Codestin Search App

Qingzheng-Wang · 2025-08-20T04:11:11Z

What did you change?

This PR adds a complete geolocation-aware language identification recipe and supporting infrastructure.

Core Implementation:

espnet2/lid/espnet_model_upstream_condition.py: ESPnet LID model with upstream lang2vec conditioning and downstream prediction
espnet2/lid/frontend/s3prl_condition.py: Modified S3PRL frontend supporting geolocation-aware conditioning
espnet2/lid/loss/aamsoftmax_sc_topk_lang2vec.py: AAMSoftmax loss with lang2vec prediction (supporting geo, phonology_knn, syntax_knn, inventory_knn)

Recipe:

egs2/geolid/lid1/: Complete recipe with data preparation, training scripts, and configurations
Support for VoxLingua107-only and Combined dataset training (combining 5 datasets in multiple domains, 157 languages, 9,865 hours)
Multiple model configurations: independent/shared conditioning, frozen/trainable conditioning projections

Why did you make this change?

This is an implementation of our ASRU paper Geolocation-Aware Robust Spoken Language Identification. Our proposed geolocation-aware LID improves the robustness of SSL-based LID systems in dialectal and accented variations.

Is your PR small enough?

Not exactly, but the majority consists of data preparation scripts that should be added together, and the core implementation components are interdependent.

Additional Context

Paper: "Geolocation-Aware Robust Spoken Language Identification" (ASRU 2025)
Depends on:

for more information, see https://pre-commit.ci

Fhrozen · 2025-08-21T13:00:10Z

This pull request introduces a new geolocation-aware spoken language identification (LID) recipe in ESPnet, along with detailed documentation, job scheduling configurations, and multiple training configurations.
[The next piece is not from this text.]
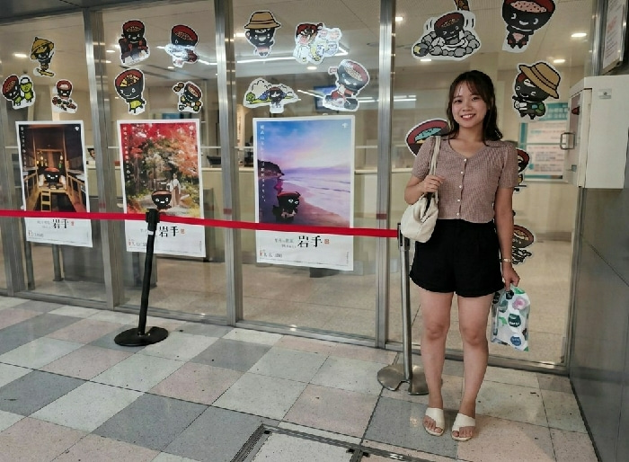 An East Asian female, estimated to be in her 20s, stands smiling and facing the camera in what appears to be a public concourse or information center, likely within a major transportation hub such as…read more

The main contributions are the addition of a robust, geolocation-conditioned LID model, comprehensive usage instructions, and support for various cluster environments.

Documentation and Usage:

Added a comprehensive README.md for the geolid/lid1 recipe, detailing the model's geolocation-aware innovations, installation of required dependencies, usage instructions, datasets, evaluation results, and citation information.

Job Scheduling and Cluster Support:

Added and documented cmd.sh to support multiple job scheduling backends (local, SGE, Slurm, PBS, SSH, JHU), enabling flexible training and inference on different compute environments.
Added default configuration files for SGE (conf/queue.conf), Slurm (conf/slurm.conf), and PBS (conf/pbs.conf) to facilitate job submission and resource allocation on various cluster types. [1] [2] [3]

Model Configuration:

Added a training configuration for the combined dataset setup (conf/combined/mms_ecapa_upcon_32_44_it0.4_shared_trainable.yaml), featuring shared geolocation conditioning modules, multilayer features, and advanced training strategies.
Added a training configuration for VoxLingua107-only with independent and frozen conditioning modules (conf/voxlingua107_only/mms_ecapa_upcon_32_44_it0.4_independent_frozen.yaml), supporting reproducibility and ablation studies.

sw005320 · 2025-09-22T11:15:24Z

This would be the last PR.
Please continue working on it.

sw005320 · 2025-09-23T14:27:11Z

@Qingzheng-Wang, @brianyan918 wants to use this.
Can you accelerate this PR?

Qingzheng-Wang · 2025-09-24T04:36:43Z

@Qingzheng-Wang, @brianyan918 wants to use this. Can you accelerate this PR?

Sure!

codecov · 2025-09-24T06:27:26Z

Codecov Report

❌ Patch coverage is 40.90909% with 195 lines in your changes missing coverage. Please review.
✅ Project coverage is 56.71%. Comparing base (265913a) to head (06c8961).
⚠️ Report is 749 commits behind head on master.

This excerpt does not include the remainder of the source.